Schmidt Spiele is a German games publisher for a wide variety of games, especially German-style board games.

Founder Josef Friedrich Schmidt developed Mensch ärgere dich nicht in 1907/1908, based on antique forerunners. Five years later his new publishing firm began the game's serial production. The firm expanded their range of products to include a very wide range of games of all kinds.

In the 1980s, Schmidt Spiele published the highly successful German role-playing game Das Schwarze Auge (The Dark Eye).
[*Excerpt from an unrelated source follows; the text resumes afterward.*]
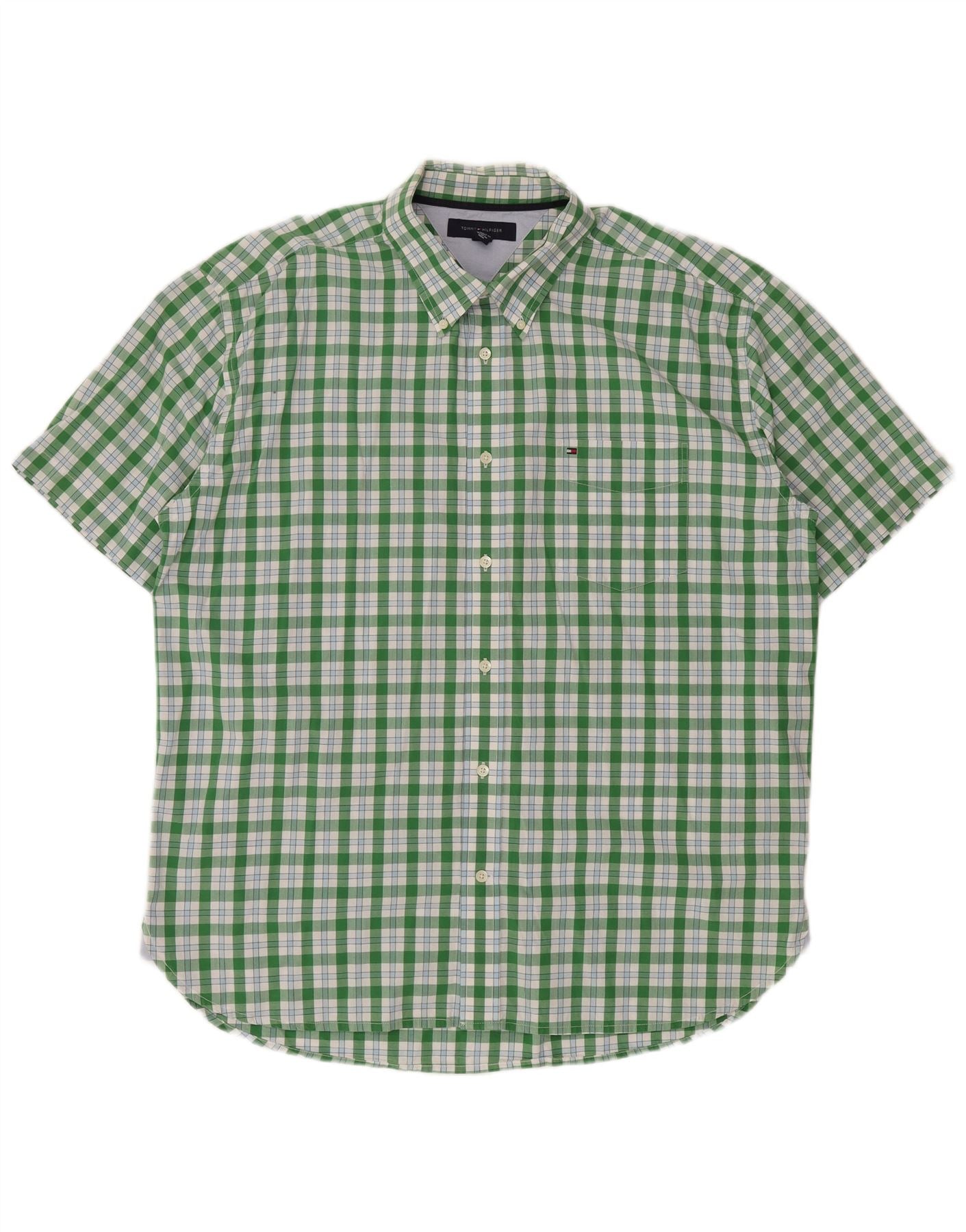 Tommy Hilfiger Herren Kurzarmhemd XL grün kariert Baumwolle

Josef Friedrich Schmidt's son Franz founded his own independent enterprise named Schmidt Spiele in Nuremberg prior to the Second World War (seated in Munich after the war). The two enterprises maintained a shared channel of distribution, and merged in 1970. The firm's complete archives were lost in a fire in the 1970s.

Schmidt Spiele went bankrupt in 1997 and were bought up by the Blatz-Gruppe who subsequently maintained the vastly better known brand name Schmidt Spiele, publishing their own games under this name as well.

Schmidt Spiele is run as a GmbH (Schmidt Spiele GmbH). In 2006 their turnover was reportedly 33.5 million Euro.

External links
 http://www.schmidtspiele.de/ (Schmidt Spiele homepage - German)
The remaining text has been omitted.